In 1988–90, the Kidd-class destroyers received the New Threat Upgrade, including a new superstructure and heavier mainmast cooperative engagement with Aegis Ticonderoga-class cruisers, which could control the Kidds' surface-to-air missiles while they remained electronically silent. The Spruance class, the predecessor to and close relative of the Kidd-class, did not receive the NTU.

===End of NTU===
The Cold War ended shortly after the New Threat Upgrade was initiated. The lower levels of funding available to the United States Navy after the Cold War meant that the NTU upgrade was never applied to all of the intended vessels. The NTU upgrade itself was expensive. Many of these ships were retired in the 1990s whether they received the full NTU modification or not; most of these warships built in the 1960s-1970s had high operational costs and manpower requirements (especially those which were nuclear-powered), compared to newer Aegis warships. The USS Texas (CGN-39) was decommissioned during the upgrade, in the midst of her reactor refueling.

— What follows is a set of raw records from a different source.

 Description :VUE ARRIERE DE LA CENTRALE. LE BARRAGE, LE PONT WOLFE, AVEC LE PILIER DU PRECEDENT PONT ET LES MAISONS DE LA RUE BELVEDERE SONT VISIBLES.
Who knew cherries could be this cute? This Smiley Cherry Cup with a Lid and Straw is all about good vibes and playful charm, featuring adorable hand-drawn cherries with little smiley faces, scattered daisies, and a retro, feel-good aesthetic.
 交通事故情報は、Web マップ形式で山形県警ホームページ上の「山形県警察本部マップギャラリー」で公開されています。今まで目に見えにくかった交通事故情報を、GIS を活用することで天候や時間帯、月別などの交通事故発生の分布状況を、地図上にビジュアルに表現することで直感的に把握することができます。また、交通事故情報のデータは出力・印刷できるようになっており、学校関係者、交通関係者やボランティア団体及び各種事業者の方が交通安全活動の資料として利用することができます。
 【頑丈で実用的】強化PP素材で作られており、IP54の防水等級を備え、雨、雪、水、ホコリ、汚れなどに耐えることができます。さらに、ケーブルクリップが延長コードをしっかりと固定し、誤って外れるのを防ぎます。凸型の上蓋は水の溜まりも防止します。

USS Gridley (CG-21) received NTU in 1991 at a cost of $55 million but was decommissioned in early 1994. Overall, all US Navy ships that received the NTU upgrades were decommissioned within six years of their upgrade, as the Navy chose instead to order new ships with the Aegis weapon system.

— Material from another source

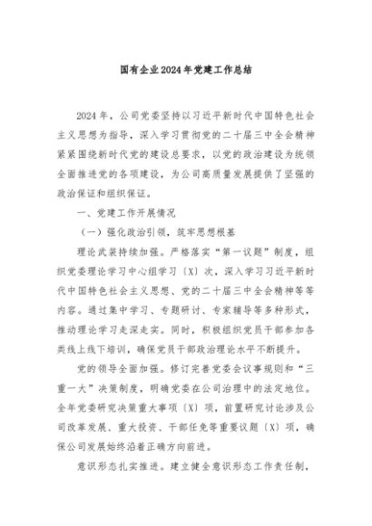 / 【七哥公文】2024年:国有企业2024年党建工作总结+更多免费公文+VX:QiGeGongWen2024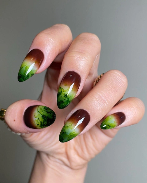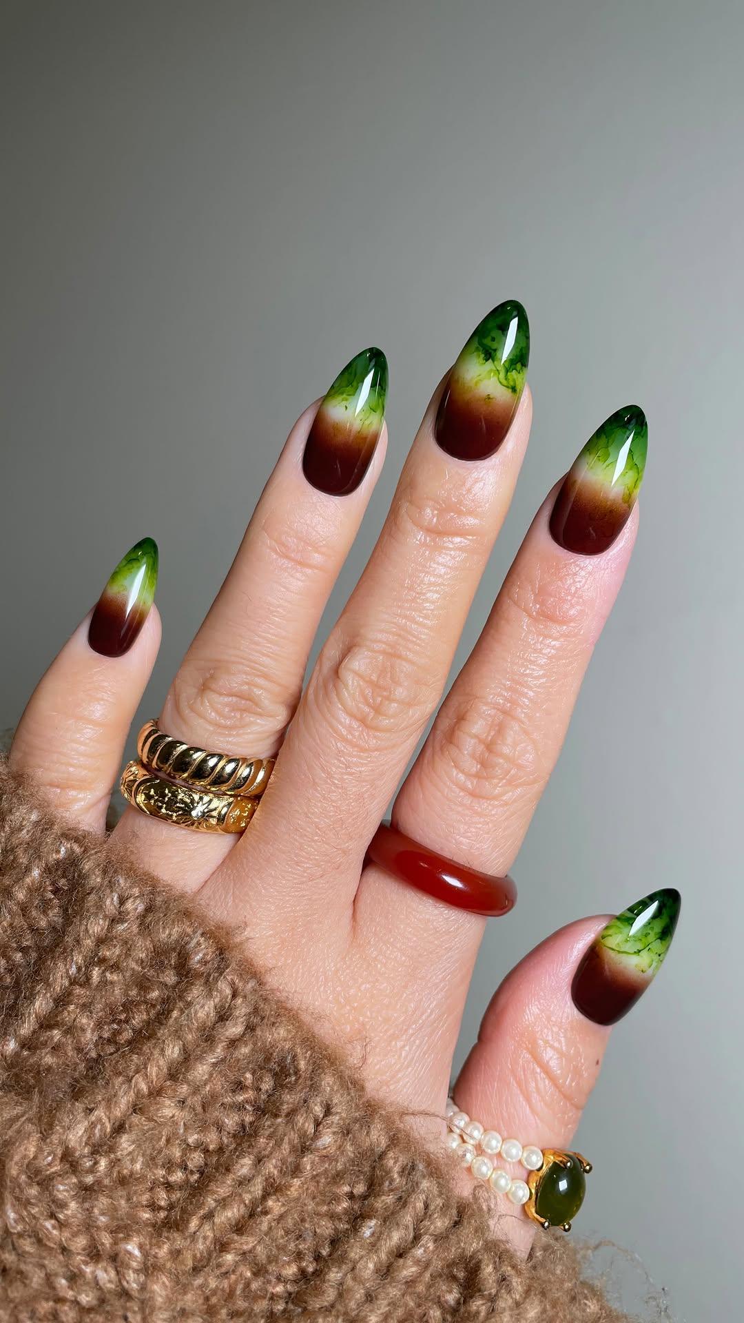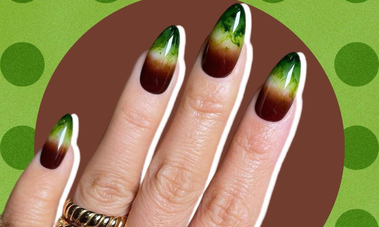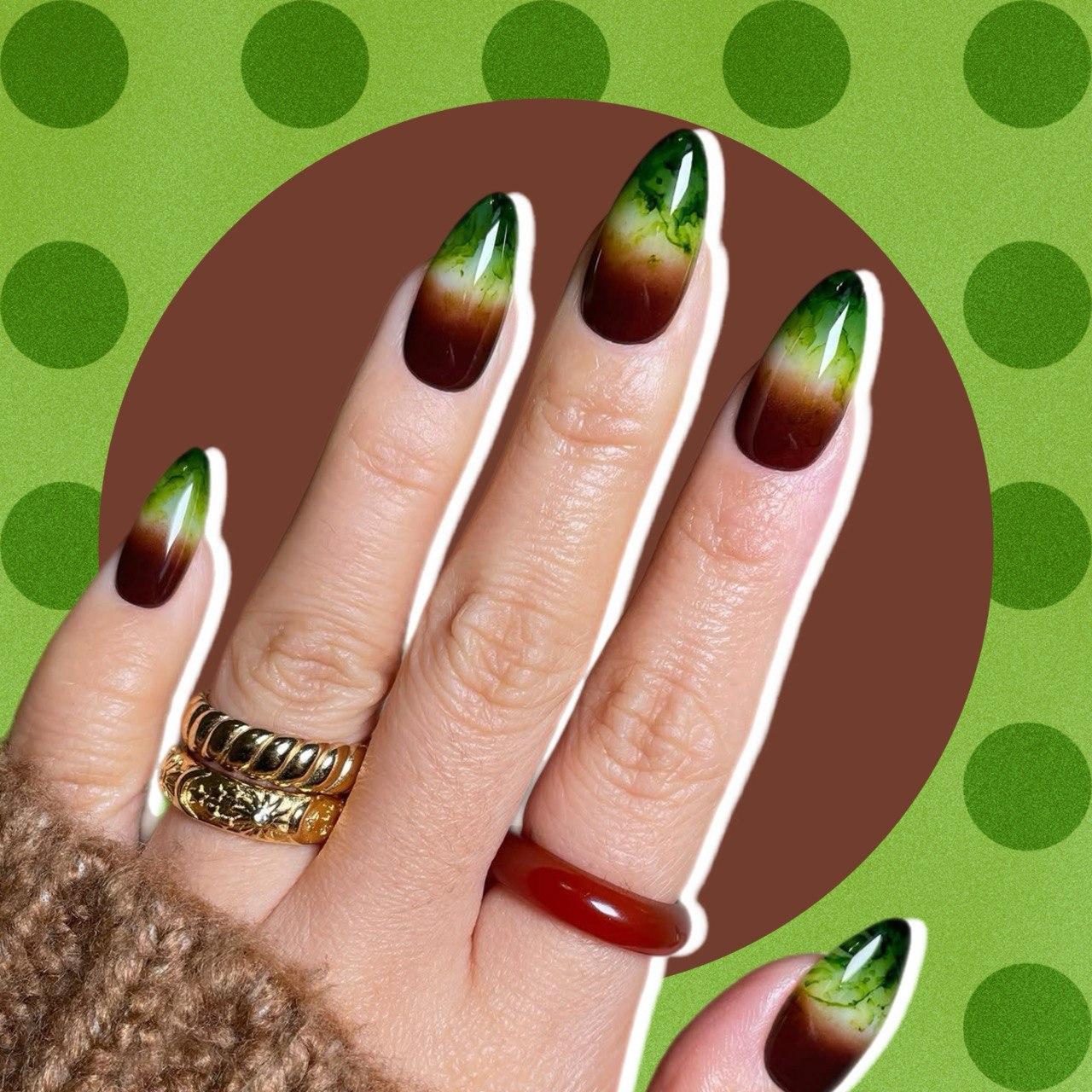 Маникюр цвета матчи, молока и кофе — это очень красивый контраст. Два противоположных цвета — коричневый и зеленый — объединены нейтральным молочным, который смягчает переход. Градиент делает дизайн плавным и очень красивым, а акварельные прожилки добавляют интересную деталь. Этот маникюр подходит для весны и лета, хорошо смотрится на любой длине ногтей и сочетается с любым гардеробом.

The Navy also accelerated the retirement of the Spruance and Kidd classes, despite their recent modifications, due to the arrival of the Aegis-equipped Arleigh Burke-class destroyers, which were more effective and cost-efficient. The four Kidd destroyers were later transferred to Taiwan (Republic of China) where they remain in service, while some members of the Spruance class remained in service until 2005.

==NTU systems==
- AN/SPS-49(V)5 - A 2D Air Search Radar (azimuth and range)
- AN/SPS-48E - A 3D Air Search Radar (azimuth, range and altitude)
- AN/SYS-2(V)1 Integrated Automatic Detection and Tracking System (IADTS)
- (A)CDS - (Advanced) Combat Direction System
- WDS Mk 14 - Weapons Direction System
- Mk 74 Tartar and Mk 76 Terrier Fire Control Systems (AN/SPG-55B radar for Terrier ships and AN/SPG-51 for Tartar)
- AN/SYR-1 Communications Tracking Set, used for SM-2 missile downlink
- Mk 10 twin-arm manual launcher, Mk 13 single-arm automated launcher and Mk 26 twin-arm, automated missile launchers
- RESS - Radar Environmental Simulator System

==NTU ships==
These classes had some of their units modified with the New Threat Upgrade.
- Belknap-class cruiser
- California-class cruiser
- Charles F. Adams-class destroyer - Planned to be upgraded, but canceled.
- Farragut-class destroyer (1958) - Planned, but only USS Mahan (DDG-42) was upgraded as a test platform in 1982.
- Kidd-class destroyer
- Leahy-class cruiser - All upgraded in the late-1980s and decommissioned by 1995.
- Virginia-class cruiser

===KDX-II Class===

The Navy of the Republic of Korea uses a NTU derived system for its Chungmugong Yi Sunshin class destroyers.